Material for this task.

+++++

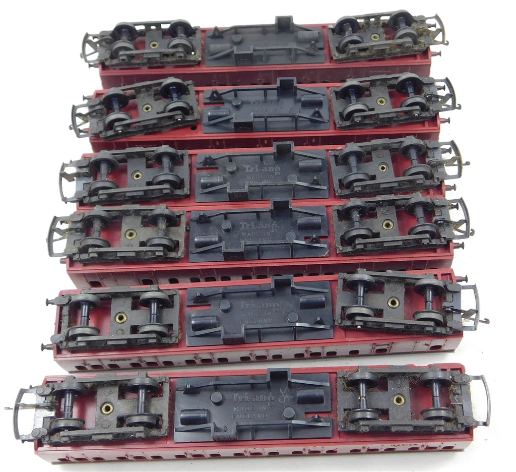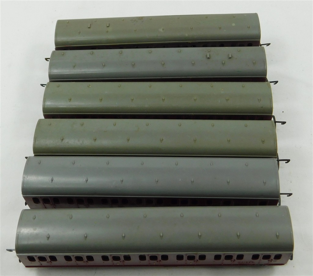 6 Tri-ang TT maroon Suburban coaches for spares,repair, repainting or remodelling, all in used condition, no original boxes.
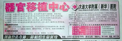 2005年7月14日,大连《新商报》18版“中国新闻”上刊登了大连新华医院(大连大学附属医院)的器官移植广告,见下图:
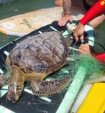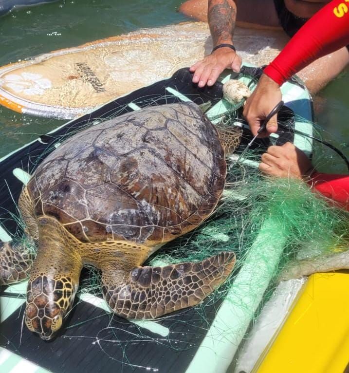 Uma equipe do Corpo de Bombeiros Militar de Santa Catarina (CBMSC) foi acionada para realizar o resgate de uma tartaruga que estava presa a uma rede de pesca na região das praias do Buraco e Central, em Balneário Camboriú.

+++++

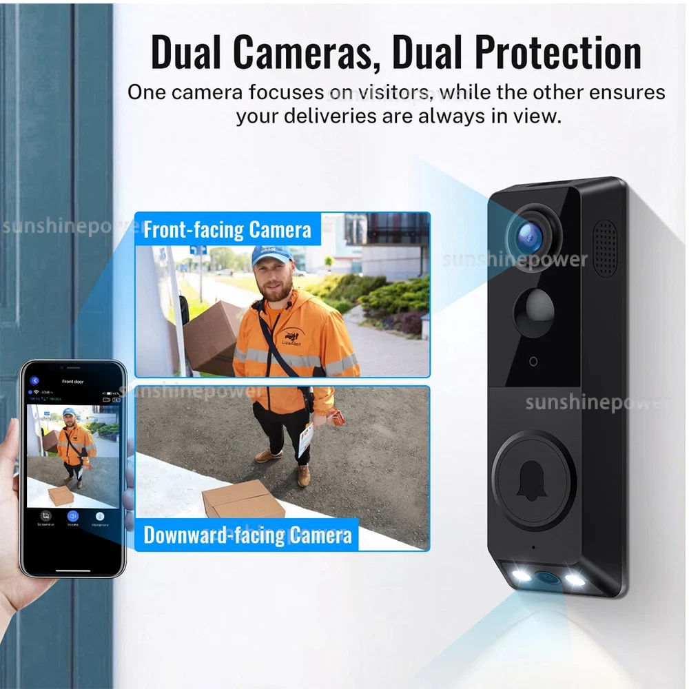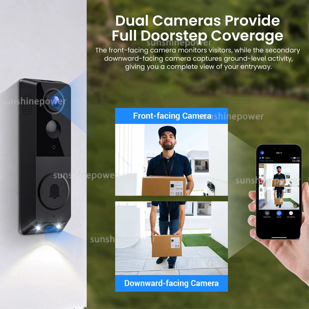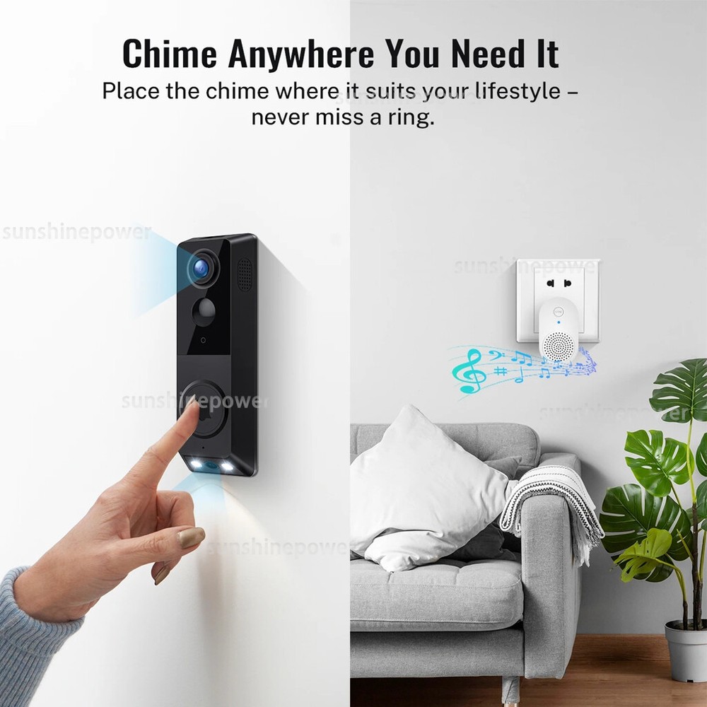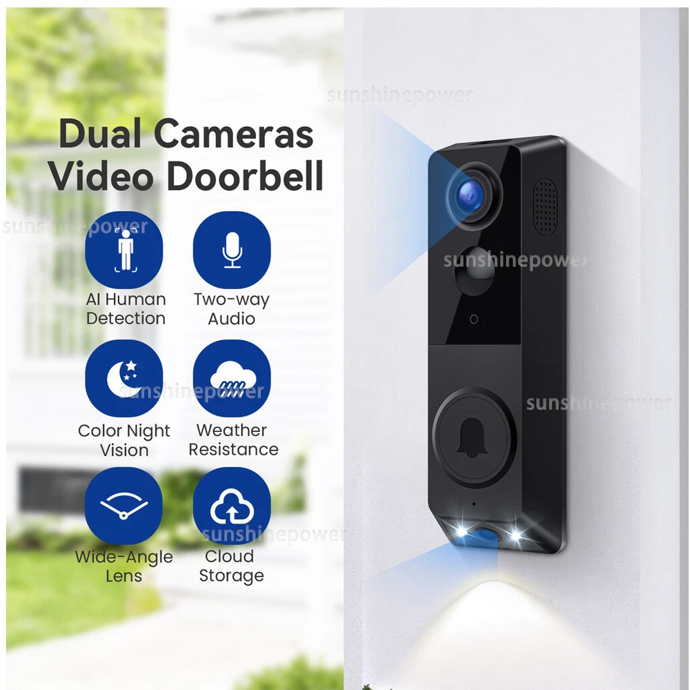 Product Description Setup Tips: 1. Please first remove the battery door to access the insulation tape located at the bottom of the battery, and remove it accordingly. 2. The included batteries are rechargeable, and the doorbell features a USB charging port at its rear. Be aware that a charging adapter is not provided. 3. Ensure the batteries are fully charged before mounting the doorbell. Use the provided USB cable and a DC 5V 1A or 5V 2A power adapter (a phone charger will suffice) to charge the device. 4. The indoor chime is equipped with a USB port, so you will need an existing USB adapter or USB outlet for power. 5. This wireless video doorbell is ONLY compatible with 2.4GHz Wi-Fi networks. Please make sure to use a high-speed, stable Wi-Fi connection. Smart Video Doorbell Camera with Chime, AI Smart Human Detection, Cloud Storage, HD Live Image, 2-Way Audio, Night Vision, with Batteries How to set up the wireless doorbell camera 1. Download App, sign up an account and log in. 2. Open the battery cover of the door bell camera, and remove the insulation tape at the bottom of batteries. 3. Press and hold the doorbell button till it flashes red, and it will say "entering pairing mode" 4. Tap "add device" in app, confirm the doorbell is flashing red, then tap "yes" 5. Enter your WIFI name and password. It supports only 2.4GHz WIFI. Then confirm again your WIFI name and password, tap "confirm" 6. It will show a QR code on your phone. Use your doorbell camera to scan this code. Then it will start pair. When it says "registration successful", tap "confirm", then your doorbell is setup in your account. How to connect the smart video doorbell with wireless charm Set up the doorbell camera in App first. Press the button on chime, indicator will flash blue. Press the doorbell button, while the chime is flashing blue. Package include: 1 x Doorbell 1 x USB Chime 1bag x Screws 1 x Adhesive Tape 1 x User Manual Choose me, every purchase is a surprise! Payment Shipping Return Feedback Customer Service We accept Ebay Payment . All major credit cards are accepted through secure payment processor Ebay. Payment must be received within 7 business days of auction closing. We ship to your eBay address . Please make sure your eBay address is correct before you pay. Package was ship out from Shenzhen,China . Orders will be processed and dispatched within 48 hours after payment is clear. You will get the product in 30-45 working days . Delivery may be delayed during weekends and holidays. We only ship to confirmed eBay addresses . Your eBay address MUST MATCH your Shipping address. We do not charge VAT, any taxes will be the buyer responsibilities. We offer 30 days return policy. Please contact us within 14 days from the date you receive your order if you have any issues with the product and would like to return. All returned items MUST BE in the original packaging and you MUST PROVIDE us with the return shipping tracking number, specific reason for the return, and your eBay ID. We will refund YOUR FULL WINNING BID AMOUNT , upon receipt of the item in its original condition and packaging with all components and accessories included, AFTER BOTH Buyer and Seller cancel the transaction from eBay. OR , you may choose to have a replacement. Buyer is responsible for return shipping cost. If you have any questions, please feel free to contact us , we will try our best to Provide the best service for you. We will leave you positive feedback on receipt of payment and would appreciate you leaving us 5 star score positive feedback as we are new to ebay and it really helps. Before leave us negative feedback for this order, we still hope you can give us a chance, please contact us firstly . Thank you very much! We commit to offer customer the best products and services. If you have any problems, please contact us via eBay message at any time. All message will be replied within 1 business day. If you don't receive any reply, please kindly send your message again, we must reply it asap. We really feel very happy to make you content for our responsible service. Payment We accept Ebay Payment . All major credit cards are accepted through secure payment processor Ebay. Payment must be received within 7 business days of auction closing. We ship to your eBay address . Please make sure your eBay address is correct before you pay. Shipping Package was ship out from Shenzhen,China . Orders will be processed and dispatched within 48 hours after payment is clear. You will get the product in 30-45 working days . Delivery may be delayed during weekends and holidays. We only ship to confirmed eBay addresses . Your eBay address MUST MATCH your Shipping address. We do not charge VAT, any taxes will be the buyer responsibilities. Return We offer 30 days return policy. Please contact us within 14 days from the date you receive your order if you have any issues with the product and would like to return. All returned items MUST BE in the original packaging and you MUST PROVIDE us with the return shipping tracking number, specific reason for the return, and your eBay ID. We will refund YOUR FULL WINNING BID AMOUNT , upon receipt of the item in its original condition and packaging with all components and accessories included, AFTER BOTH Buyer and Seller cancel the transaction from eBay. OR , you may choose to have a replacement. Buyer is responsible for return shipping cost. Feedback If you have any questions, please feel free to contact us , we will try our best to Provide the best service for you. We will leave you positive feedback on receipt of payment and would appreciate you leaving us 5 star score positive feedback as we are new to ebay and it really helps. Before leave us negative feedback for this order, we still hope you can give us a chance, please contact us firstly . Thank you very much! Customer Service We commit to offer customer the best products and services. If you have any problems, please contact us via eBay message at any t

+++++

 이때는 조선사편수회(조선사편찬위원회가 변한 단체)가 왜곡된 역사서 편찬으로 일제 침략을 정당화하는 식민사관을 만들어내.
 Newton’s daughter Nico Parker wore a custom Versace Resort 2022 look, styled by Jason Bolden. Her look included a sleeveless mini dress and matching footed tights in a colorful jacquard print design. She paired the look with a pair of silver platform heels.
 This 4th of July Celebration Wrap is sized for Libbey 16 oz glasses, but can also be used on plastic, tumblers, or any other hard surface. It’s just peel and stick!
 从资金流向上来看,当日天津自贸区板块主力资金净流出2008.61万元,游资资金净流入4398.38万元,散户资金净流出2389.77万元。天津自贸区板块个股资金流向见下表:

+++++

Exercise brief.
Beginning with the line holding "This 4th of" and ending with the line holding "从资金流向上来看,当日天津自", write out the stretch of material above exactly; add no further lines.

Answer area.
 This 4th of July Celebration Wrap is sized for Libbey 16 oz glasses, but can also be used on plastic, tumblers, or any other hard surface. It’s just peel and stick!
 从资金流向上来看,当日天津自贸区板块主力资金净流出2008.61万元,游资资金净流入4398.38万元,散户资金净流出2389.77万元。天津自贸区板块个股资金流向见下表:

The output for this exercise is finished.